With mechanisms for emulsification of oil and water figured out, water-quality stabilizers were developed to convert alkali metallic carbonate in produced water from supersaturation into under-saturation conditions. In this way, precipitation of newly generated particles can be inhibited effectively to facilitate removal of suspension solids in water. A series of demulsifiers were developed to promote inversion in wettability of colloidal or nanometer particles attached on OWC to eliminate spatial barriers induced by such particles. In this way, oil droplets in emulsion may experience coalescence after de-emulsification.

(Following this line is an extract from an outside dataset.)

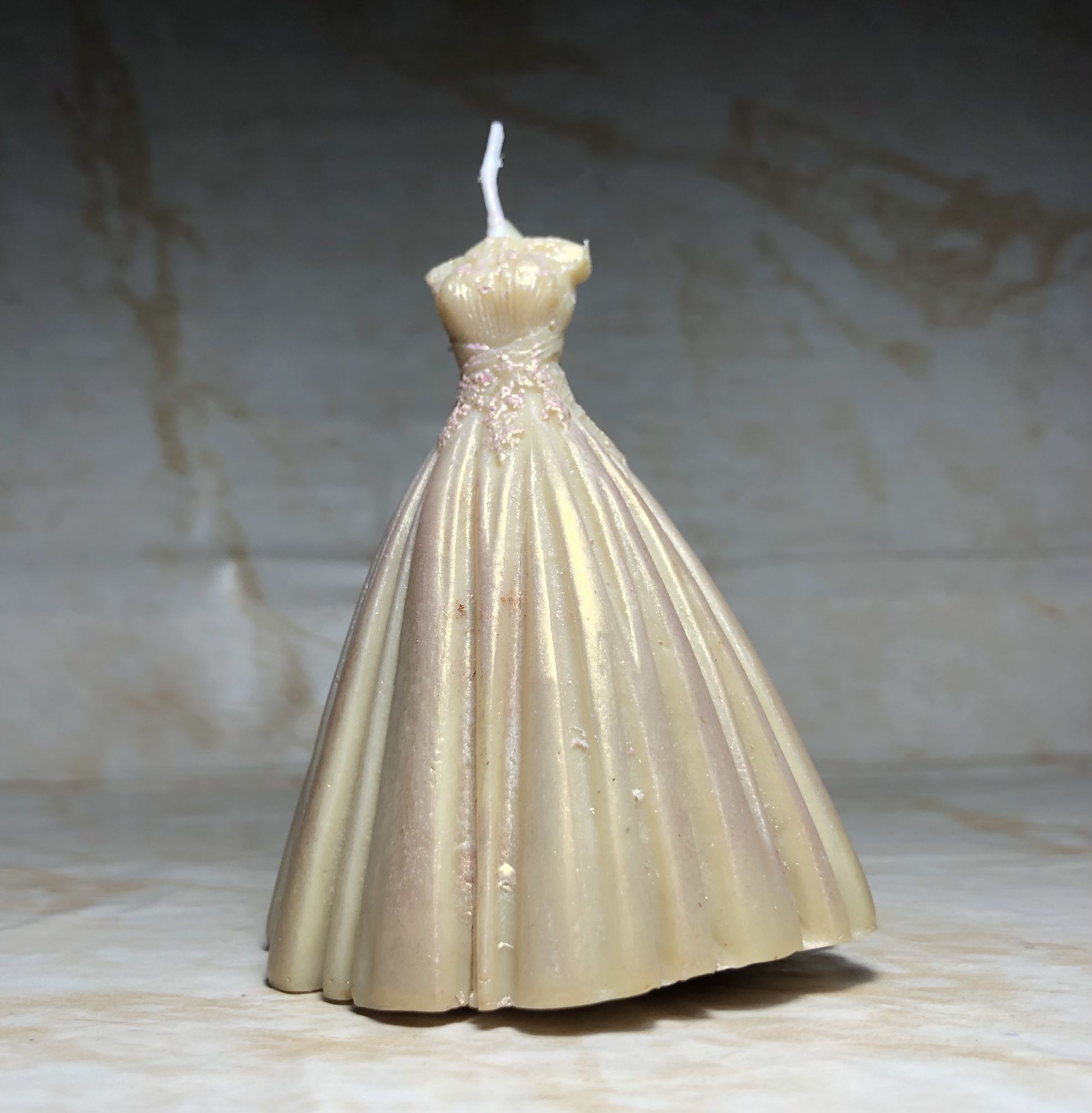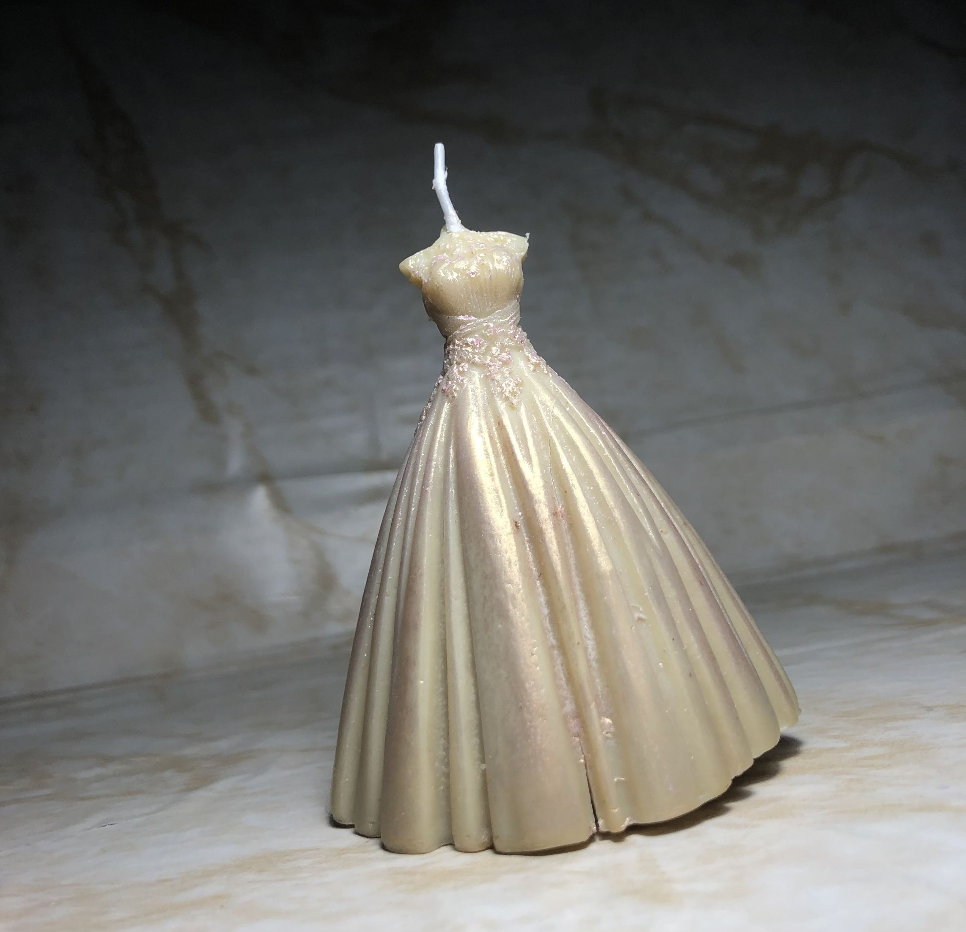 Vela aromática VESTIDO XV años ideales para recordatorios o como complemento para centros de mesa, color del vestido beige con brillo en polvo dorado-plata.

4.3.3. Core facilities for crude oil dewatering, waste water treatment and produced fluid treatment processes

By studying changes in water content of emulsion in electric field, electric de-watering system with pulse power supply and electrodes of horizontal, vertical and suspension types combined was invented, which can avoid short circuit induced by water drops, and hence, lower operation currents to ensure proper function of such de-watering facilities. To be more specific, fluids can be fed in batches to promote static settlement and eliminate interferences of downward flow on upward travelling oil droplets. In this way, negative impacts of uneven fluid preparation and distribution can be removed to enhance separation performance. Then the produced fluid treatment processes with “ two-stage dehydration” and “ sequential settlement+two-stage filtration” were developed. In addition, the technical parameters of the process and technical specifications of main equipment were set up to form technical standards. Currently, all the facilities can be manufactured domestically. The water cut in exported oil from the Daqing Oilfield is well under the national standard (0.5%). Each year, effective produced liquid handling capacity is up to 1× 10⁸ m³of produced fluid is processed effectively by this process, with all the processed waste water meeting the standard of re-injection.

With regard to reservoir characterization, 3 categories of technologies should be developed: (1) Develop and improve technologies for characterizing microscopic structures of reservoir formations by combining drilling and seismic data, to further identify microscopic deposition facies and construct visualized high-accuracy 3D geologic model; (2) develop nanometer robots and other smart reservoir description technologies to characterize spatial distribution of residual oil saturation, residual oil and dominant seepage fields quantitatively and more accurately; (3) seepage patterns in full-diameter cores in horizontal well, high-accuracy digital characterization of microscopic pore structure and microscopic residual oil occurrence in reservoir formations and high-accuracy numerical simulation for reservoir formations should be studied.

To enhance oil recovery rate, efforts shall be put into development of the following two technologies: (1) optimization of formula for high-efficiency oil flooding systems to develop technologies related to nanometer smart flooding, self-adaptive profile control and flooding technologies involving deep flow diversion; (2) technologies of “ additive manufacturer” and downhole refinery, such as solid/liquid coupling, underground crude oil thermal sensitivity and hydrogenation reforming, production of bio-polymers and surfactants by indigenous microorganism, and generation of methane by microorganisms.

To develop matching technologies, efforts shall be devoted for development of following three technologies: (1) horizontal wells, multilateral wells, multi-target wells, smart wells and tubing-conveyed rotary drilling technologies; (2) downhole oil/water separation to realize injection and production in the same well. With injection and production implemented simultaneously in the same borehole, one well may serve two purposes at the same time; (3) more efforts shall be made for construction of digital oilfield to promote unmanned processing, collection and transportation of produced fluids. With assistance of real-time monitoring, production activities can be performed in efficient and environmental friendly manner.